£1,500 for retirement advice covers all ages and includes robo
Retirees can use £1,500 from their pension pots to pay for financial advice from April, it was announced this afternoon.
People using the money will be able to opt for robo-advice as one choice, alongside traditional face to face advice.
The plans, arising from the Budget 2016, have been rubber stamped today.
The new Pension Advice Allowance will enable people to withdraw £500 up to three occasions from their pension pots tax-free to put towards the cost of pensions and retirement advice.
Following a consultation, the Economic Secretary to the Treasury, Simon Kirby, has today confirmed that the £500 allowance:
• can be used a total of three times, only once in a tax year, allowing people to access retirement advice at different stages of their lives, for example when first choosing pension or just prior to retirement
• will be available at any age, allowing people of all ages to engage with retirement planning
• can be redeemed against the cost of regulated financial advice, including ‘robo advice’ as well as traditional face-to-face advice
• will be available to holders of “defined contribution” pensions and hybrid pensions with a defined contribution element, not “defined benefit” or final salary type schemes
Pension providers will be able to offer the allowance to their members from April 2017.
Simon Kirby, Economic Secretary to the Treasury, said: “Pensions and savings decisions are some of the most important a person will make during their lifetime.
“This allowance will help people get the vital financial help they need to plan for their retirement.”
Tom Selby, senior analyst at AJ Bell, said: “The introduction of the advice allowance is an improvement on the existing system, but we need to be realistic about what this will achieve.

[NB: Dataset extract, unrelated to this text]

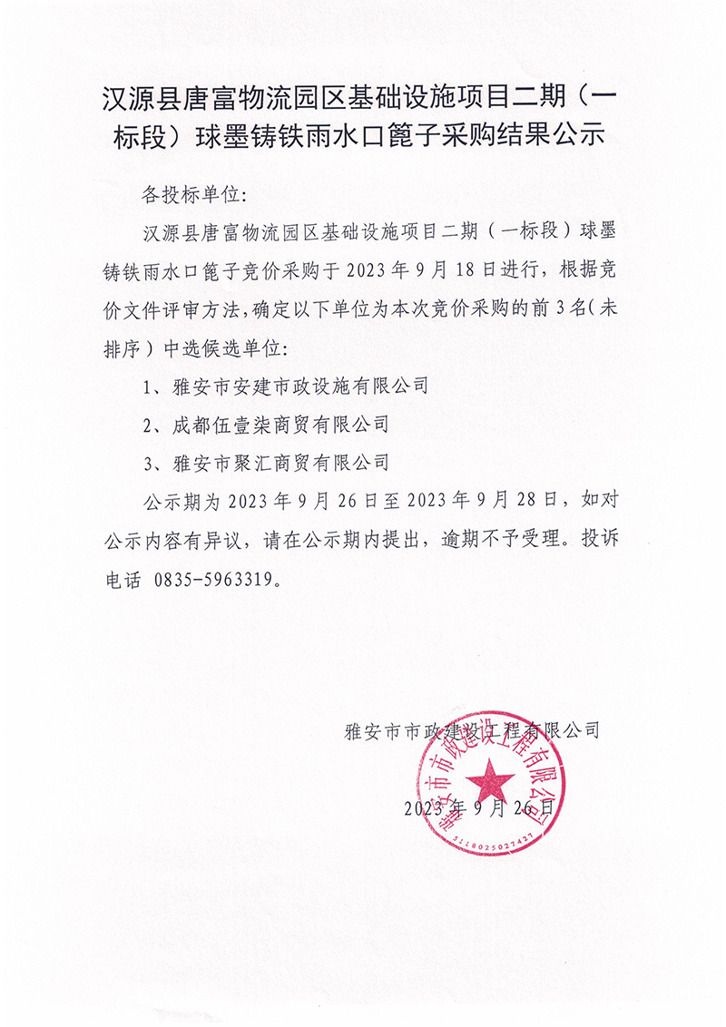 漢源縣唐富物流園區(qū)基礎設施項目二期(一標段)球墨鑄鐵雨水口篦子采購結果公示

According to the Treasury’s own analysis, face-to-face advice costs £150 per hour on average, and can take up to nine hours for pensions – meaning even with the allowance you still might have to make up a shortfall of £850.
“The sector is clearly evolving and innovative ‘robo-advice’ models may develop to help people assess their retirement options. But we are some way from that point at the moment and the Government should not see the advice allowance as some sort of panacea that will magically solve the UK’s advice gap.”
David Stevens, director of Advice Strategy at LV=, said: “The Government is absolutely right to allow people to access money from their pension pot to pay for advice and it’s positive this reform covers both traditional and ‘robo-advice’ to meet consumers’ changing habits. We know that the upfront cost of advice can be a major barrier for consumers and today’s announcement should ensure that more people can get the help and support they need. Professional financial advice is vital for retirement planning to help people make the right decisions for them and ensure consumers get the most from their hard-earned savings.”